**Data under study**
○ ○ ○ ○
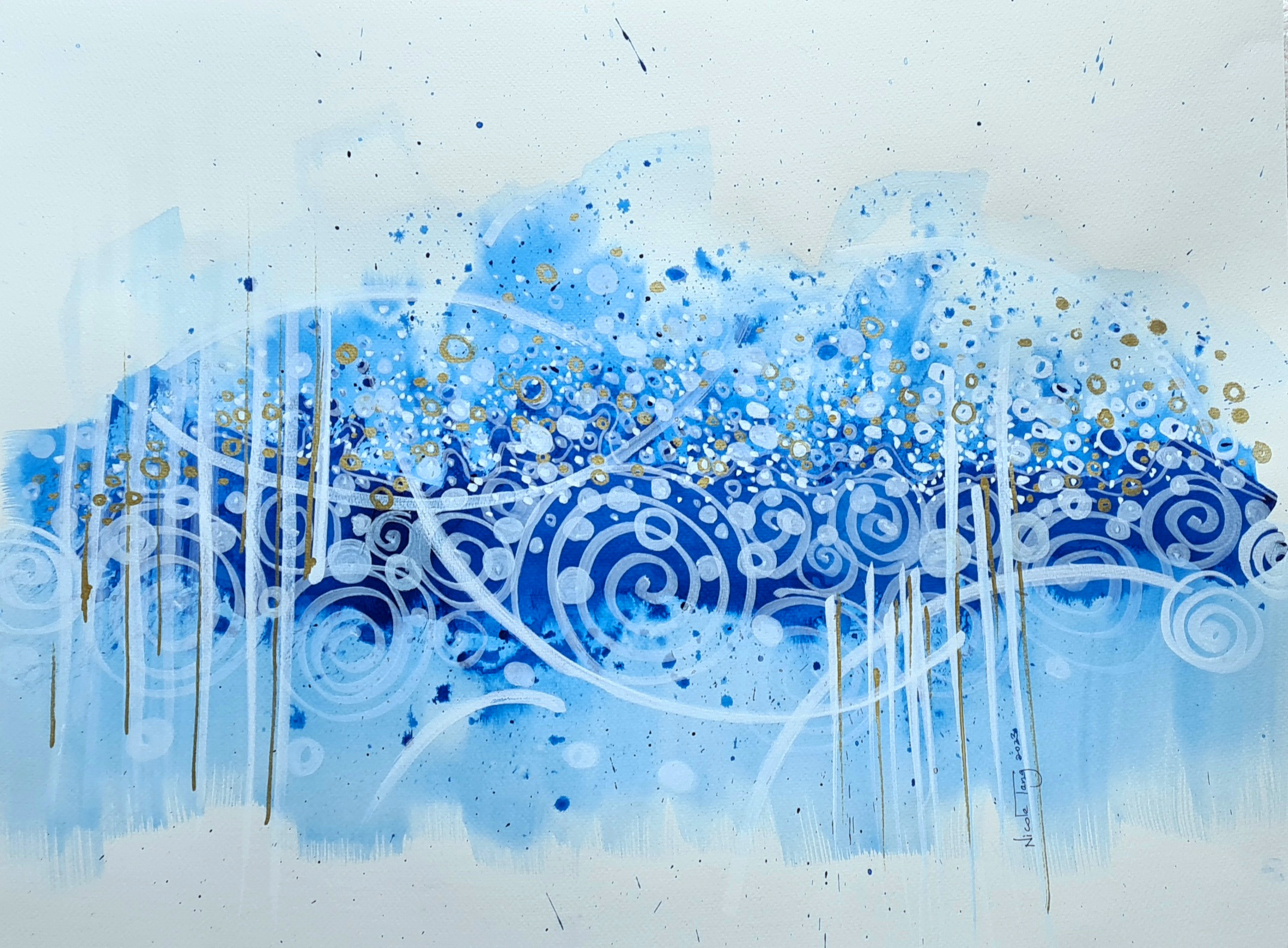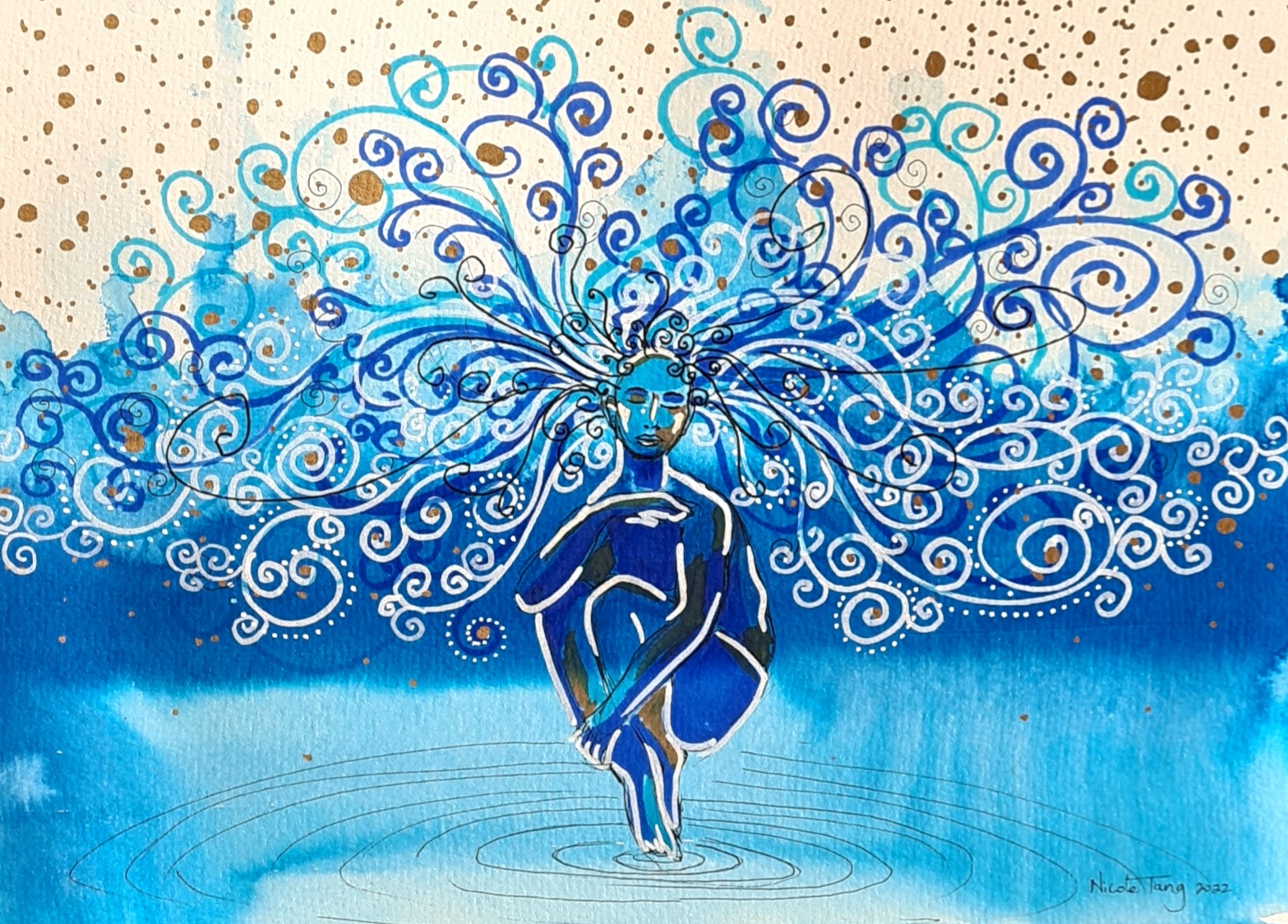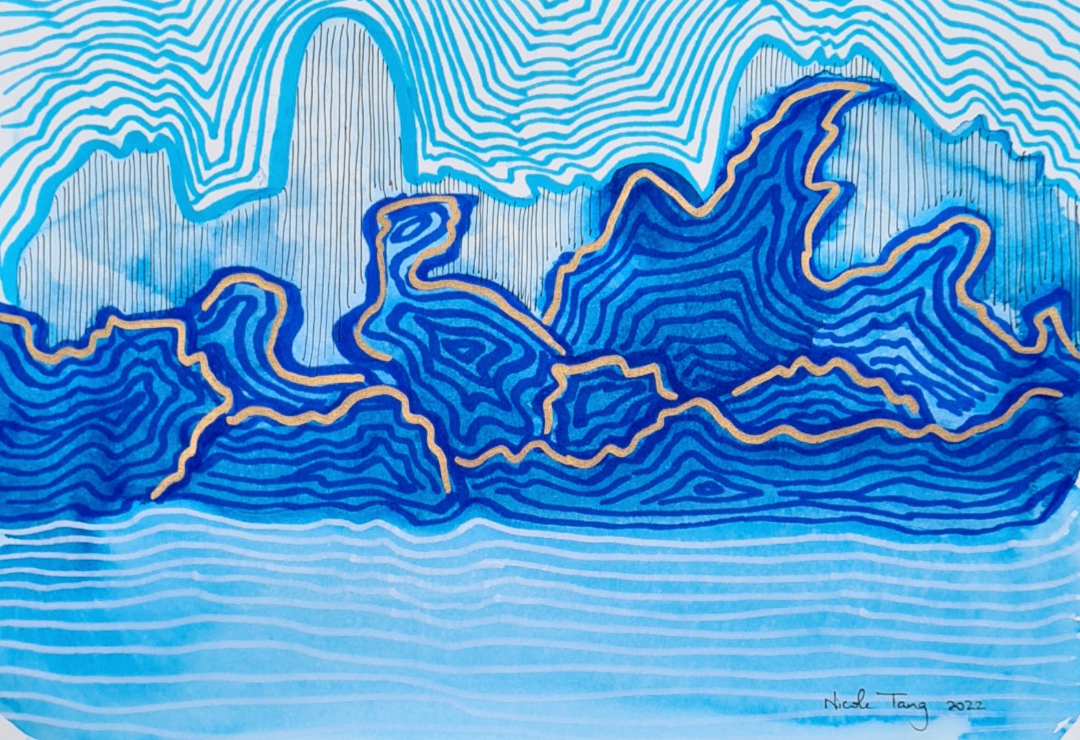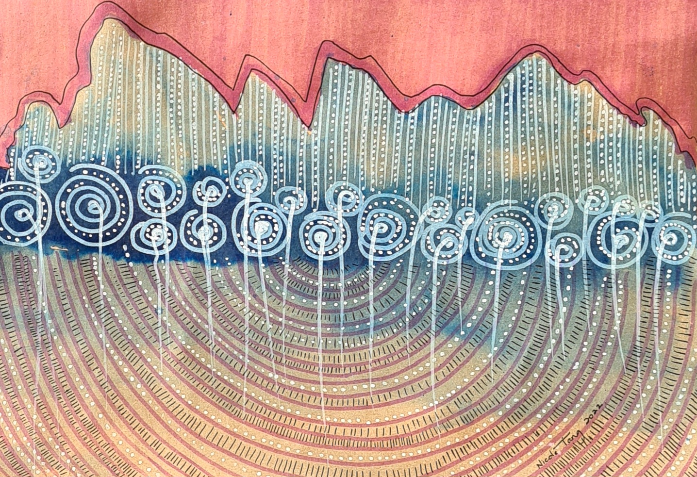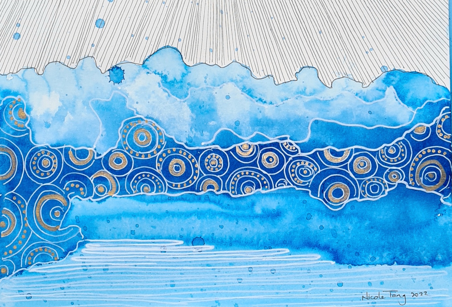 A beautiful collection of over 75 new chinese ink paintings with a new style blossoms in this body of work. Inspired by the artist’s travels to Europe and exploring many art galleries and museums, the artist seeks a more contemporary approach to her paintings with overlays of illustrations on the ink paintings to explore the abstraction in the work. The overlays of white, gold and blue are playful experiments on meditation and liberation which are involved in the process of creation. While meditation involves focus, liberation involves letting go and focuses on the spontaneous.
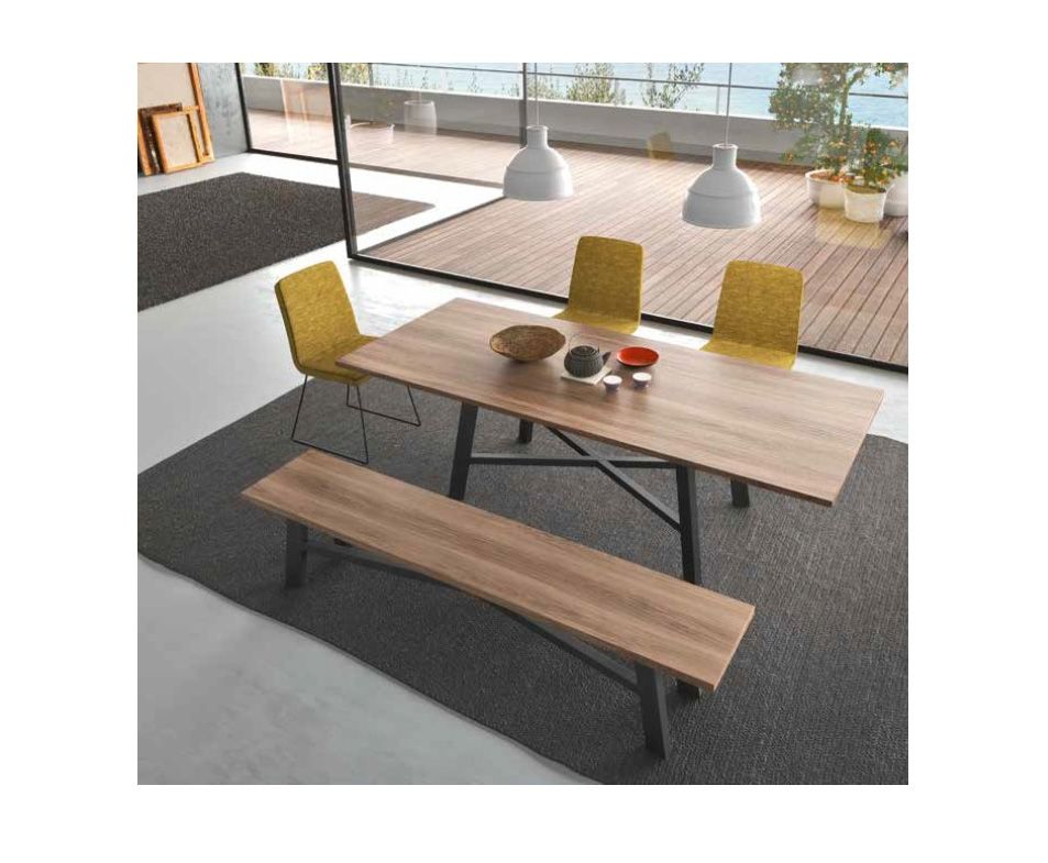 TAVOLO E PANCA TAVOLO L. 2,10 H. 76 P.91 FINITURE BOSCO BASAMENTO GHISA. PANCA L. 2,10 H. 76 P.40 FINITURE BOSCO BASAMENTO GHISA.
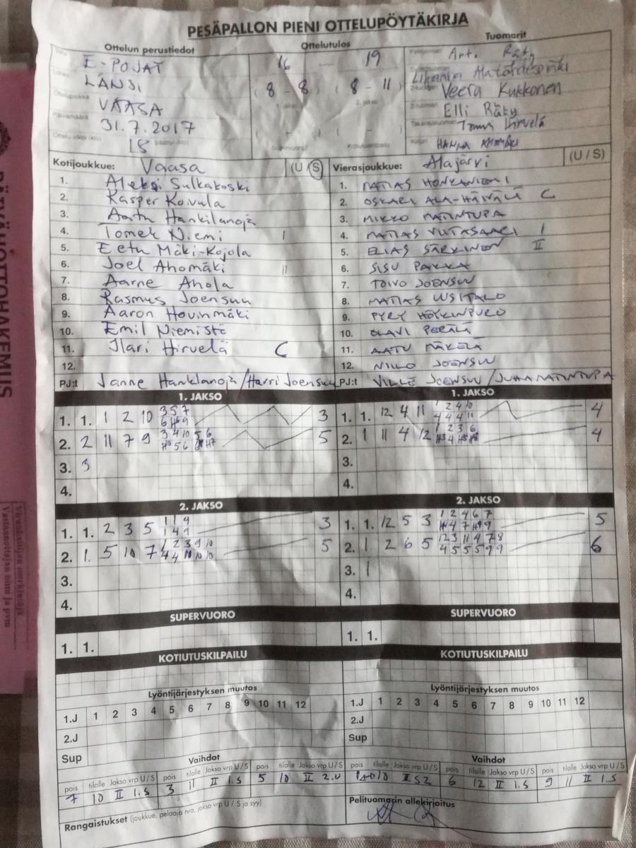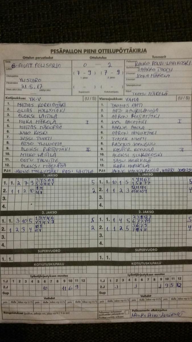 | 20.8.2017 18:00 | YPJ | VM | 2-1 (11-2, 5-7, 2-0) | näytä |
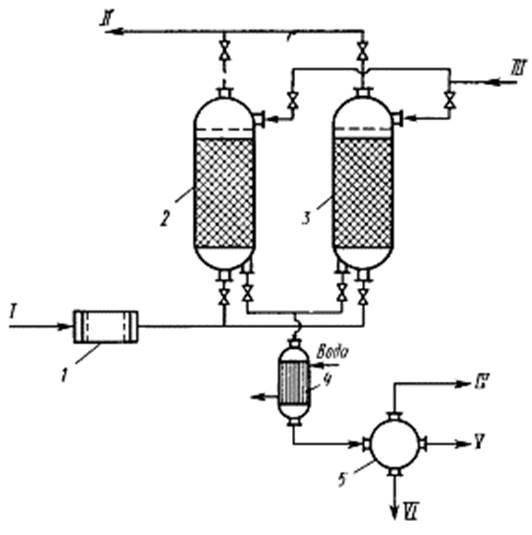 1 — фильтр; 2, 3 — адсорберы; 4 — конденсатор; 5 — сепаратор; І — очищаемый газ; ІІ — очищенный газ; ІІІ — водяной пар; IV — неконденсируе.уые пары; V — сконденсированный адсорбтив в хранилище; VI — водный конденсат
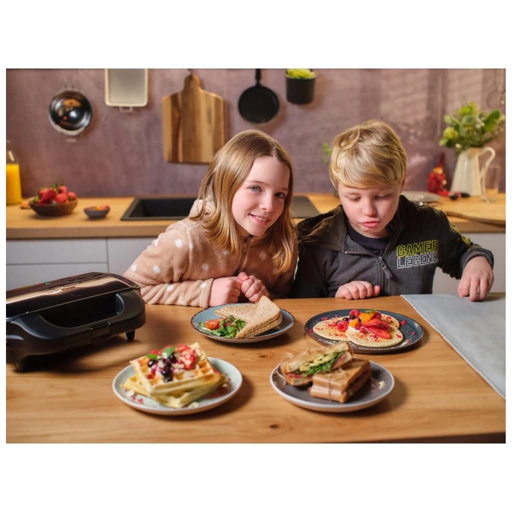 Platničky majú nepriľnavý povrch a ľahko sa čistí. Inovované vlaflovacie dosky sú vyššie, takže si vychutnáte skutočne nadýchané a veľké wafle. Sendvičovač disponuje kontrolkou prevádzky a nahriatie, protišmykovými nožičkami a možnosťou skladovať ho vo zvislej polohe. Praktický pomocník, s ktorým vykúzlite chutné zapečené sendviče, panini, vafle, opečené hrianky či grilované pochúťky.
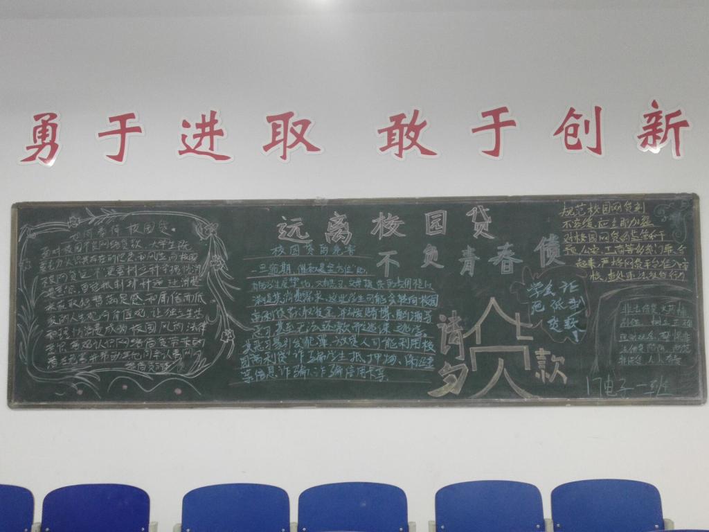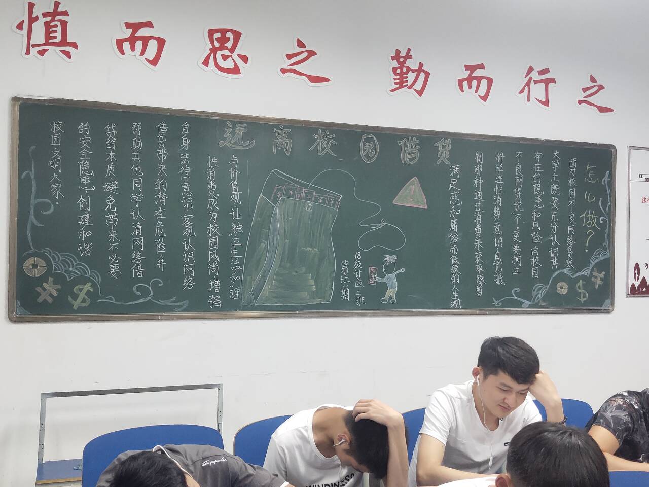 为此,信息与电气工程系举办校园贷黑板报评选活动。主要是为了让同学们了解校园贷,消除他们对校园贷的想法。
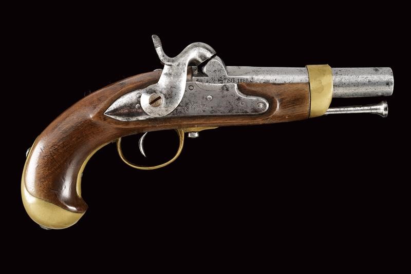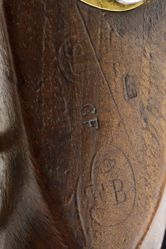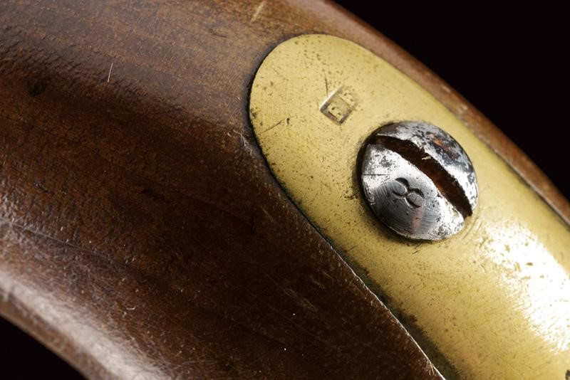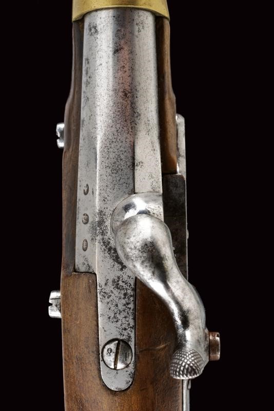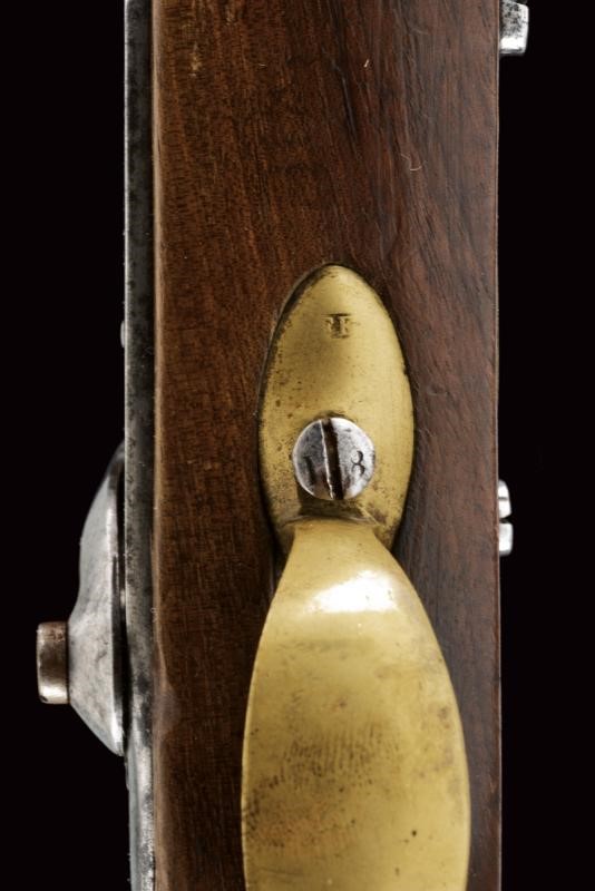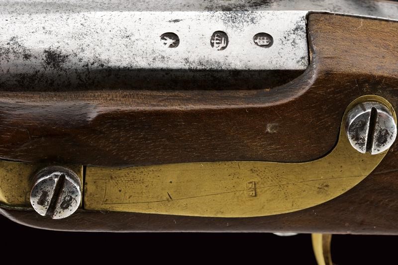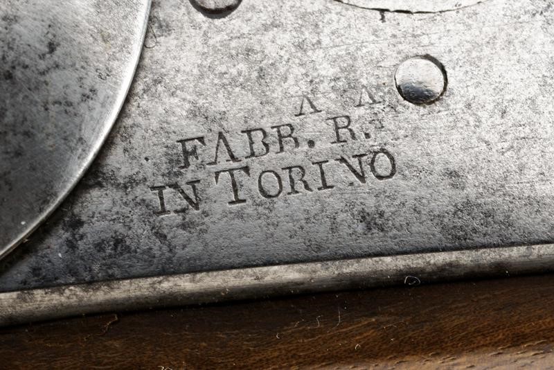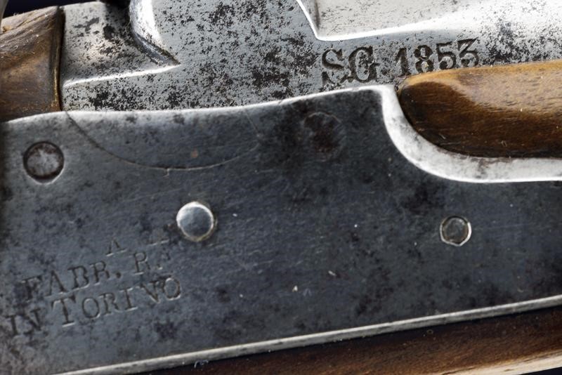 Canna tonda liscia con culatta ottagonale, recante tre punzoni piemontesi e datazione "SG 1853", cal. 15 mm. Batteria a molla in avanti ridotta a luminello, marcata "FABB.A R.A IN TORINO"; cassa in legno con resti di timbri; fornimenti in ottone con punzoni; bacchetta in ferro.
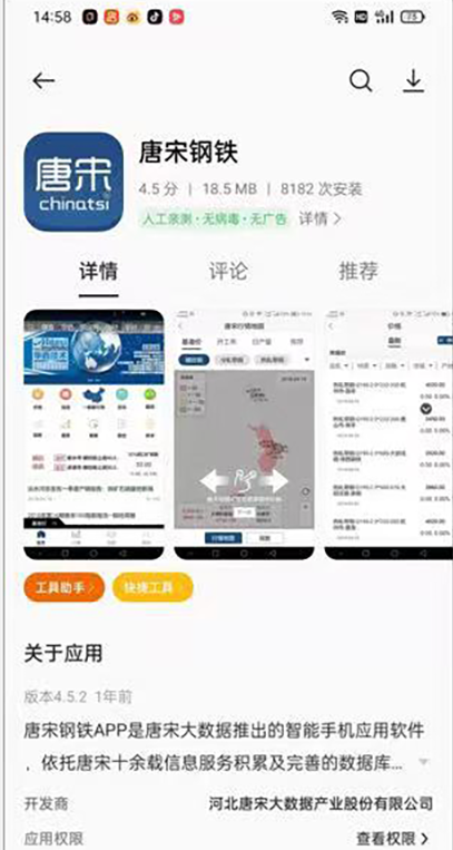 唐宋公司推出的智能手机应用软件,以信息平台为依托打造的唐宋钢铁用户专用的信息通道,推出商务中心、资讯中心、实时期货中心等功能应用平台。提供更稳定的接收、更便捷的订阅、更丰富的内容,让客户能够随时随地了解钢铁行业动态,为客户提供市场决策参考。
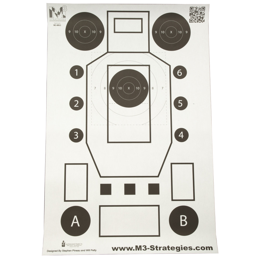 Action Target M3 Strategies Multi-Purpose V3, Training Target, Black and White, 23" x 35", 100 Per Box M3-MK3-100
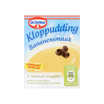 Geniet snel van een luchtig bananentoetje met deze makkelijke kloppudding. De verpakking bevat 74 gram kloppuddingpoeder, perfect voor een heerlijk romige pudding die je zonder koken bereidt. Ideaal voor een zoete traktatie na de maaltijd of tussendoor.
○ ○ ○ ○
**What to produce**
Output exactly the lines above that lie between the line with "TAVOLO E PANCA" and the line with "唐宋公司推出的智能手机应用软", those two lines included, and no pictures.

**Answer space**
 TAVOLO E PANCA TAVOLO L. 2,10 H. 76 P.91 FINITURE BOSCO BASAMENTO GHISA. PANCA L. 2,10 H. 76 P.40 FINITURE BOSCO BASAMENTO GHISA.
 | 20.8.2017 18:00 | YPJ | VM | 2-1 (11-2, 5-7, 2-0) | näytä |
 1 — фильтр; 2, 3 — адсорберы; 4 — конденсатор; 5 — сепаратор; І — очищаемый газ; ІІ — очищенный газ; ІІІ — водяной пар; IV — неконденсируе.уые пары; V — сконденсированный адсорбтив в хранилище; VI — водный конденсат
 Platničky majú nepriľnavý povrch a ľahko sa čistí. Inovované vlaflovacie dosky sú vyššie, takže si vychutnáte skutočne nadýchané a veľké wafle. Sendvičovač disponuje kontrolkou prevádzky a nahriatie, protišmykovými nožičkami a možnosťou skladovať ho vo zvislej polohe. Praktický pomocník, s ktorým vykúzlite chutné zapečené sendviče, panini, vafle, opečené hrianky či grilované pochúťky.
 为此,信息与电气工程系举办校园贷黑板报评选活动。主要是为了让同学们了解校园贷,消除他们对校园贷的想法。
 Canna tonda liscia con culatta ottagonale, recante tre punzoni piemontesi e datazione "SG 1853", cal. 15 mm. Batteria a molla in avanti ridotta a luminello, marcata "FABB.A R.A IN TORINO"; cassa in legno con resti di timbri; fornimenti in ottone con punzoni; bacchetta in ferro.
 唐宋公司推出的智能手机应用软件,以信息平台为依托打造的唐宋钢铁用户专用的信息通道,推出商务中心、资讯中心、实时期货中心等功能应用平台。提供更稳定的接收、更便捷的订阅、更丰富的内容,让客户能够随时随地了解钢铁行业动态,为客户提供市场决策参考。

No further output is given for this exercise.